I'd like to apologize for my previous email which was somehow laconic.
My goal was to stress the fact that ANTLR does not generate LR parser.

To add something to original question I'd like to add that TTBOMK the latest version of ANTLR (v4) doesn't generate C/C++ code and the v3 generates only C.

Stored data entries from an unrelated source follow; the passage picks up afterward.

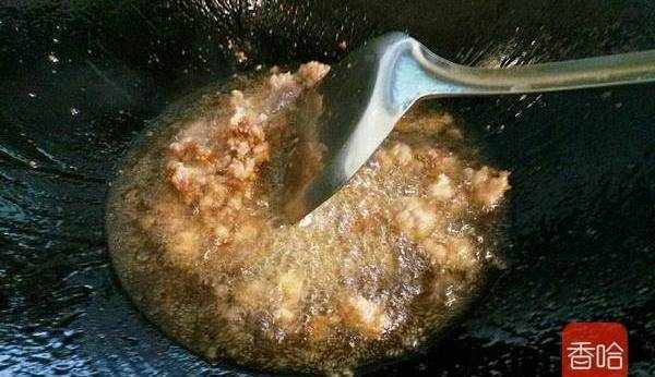 6.鍋中倒油燒熱,加入肉碎炒金黃。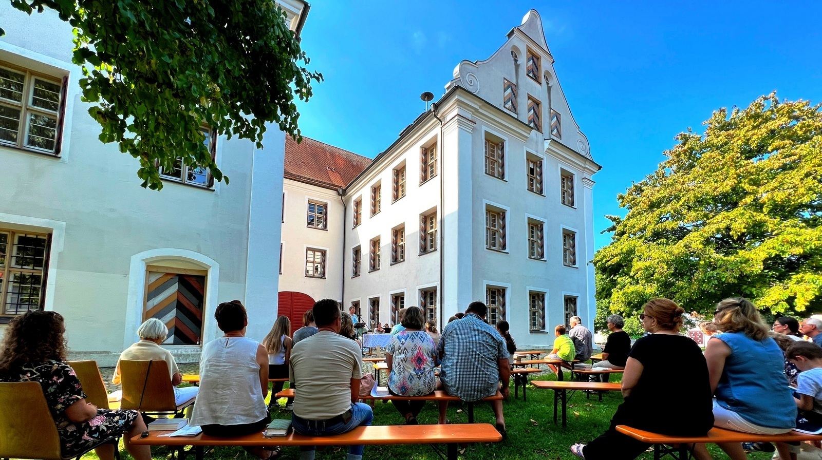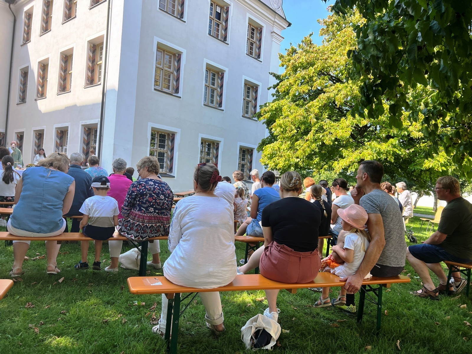 Die Plätze unter den schattenspendenden Lindenbäumen waren gefragt. Über allem wölbte sich ein blaues Firmament.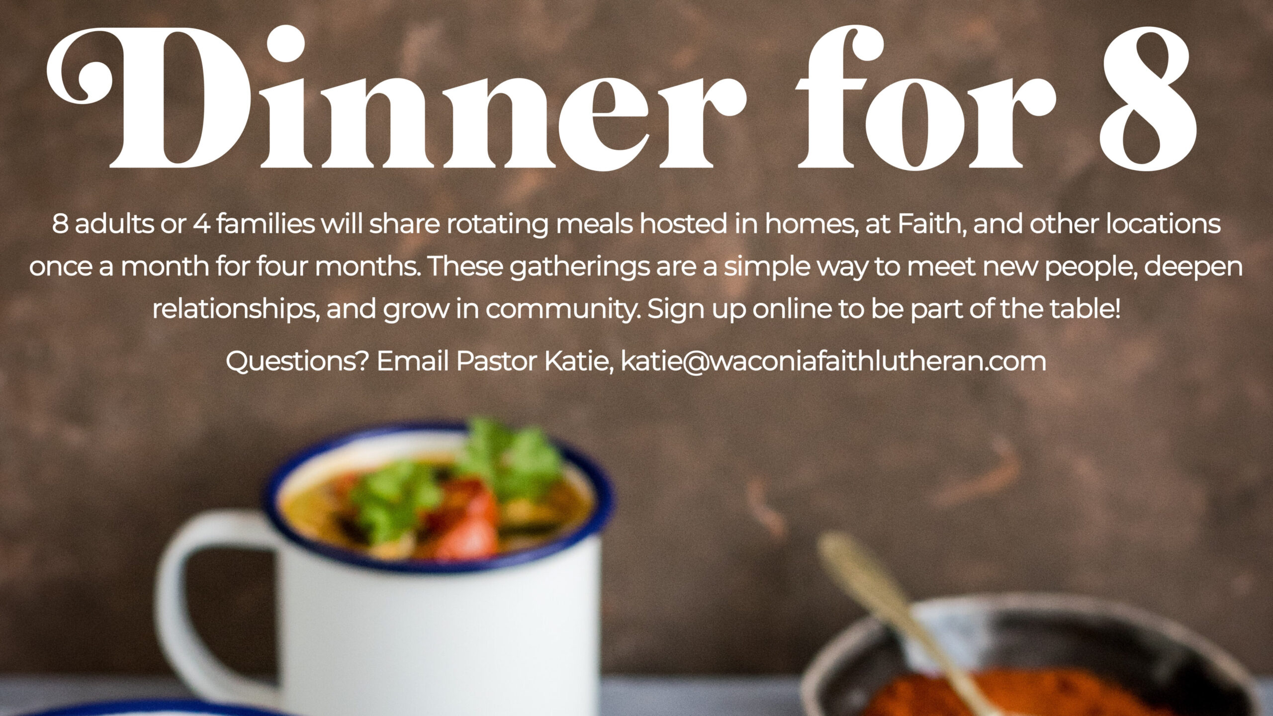 8 adults or 4 families will share rotating meals hosted in homes, at Faith, and other locations once a month for four months. These gatherings are a simple way to meet new people, deepen relationships, and grow in community. Sign up below to be part of the table!

Hope it useful for Olivier



On Wed, May 29, 2013 at 6:05 PM, Evan Driscoll <driscoll@cs.wisc.edu> wrote:
On 05/29/2013 09:51 AM, Larry Evans wrote:
> On 05/29/13 07:59, salvatore dario minonne wrote:
>> ATLR is LL as well
> More specifically, ANTLR is LL(k) for some k>0:
>
> http://en.wikipedia.org/wiki/LL_parser

Actually *that's* not true either. Antlr generates LL(*) parsers. With
some restrictions, the generated parsers have infinite lookahead.

For instance,

  nonterm1 : (term1)* term2
             (term1)* term3

is not LL(k) for any k as if you give me a k I give you the string
"term1^k term2" and you can't decide between those alternatives, but
that grammar is is LL(*).

I'm not sure how much this actually affects real usage, just trying to
be accurate. There is at least one example of something you may want to
do which is LL(*) but not LL(k)

   classMember: modifier* type ident SEMI
              | modifier* type ident LPAREN arglist RPAREN body

   modifier: PUBLIC | PRIVATE | PROTECTED | STATIC | ...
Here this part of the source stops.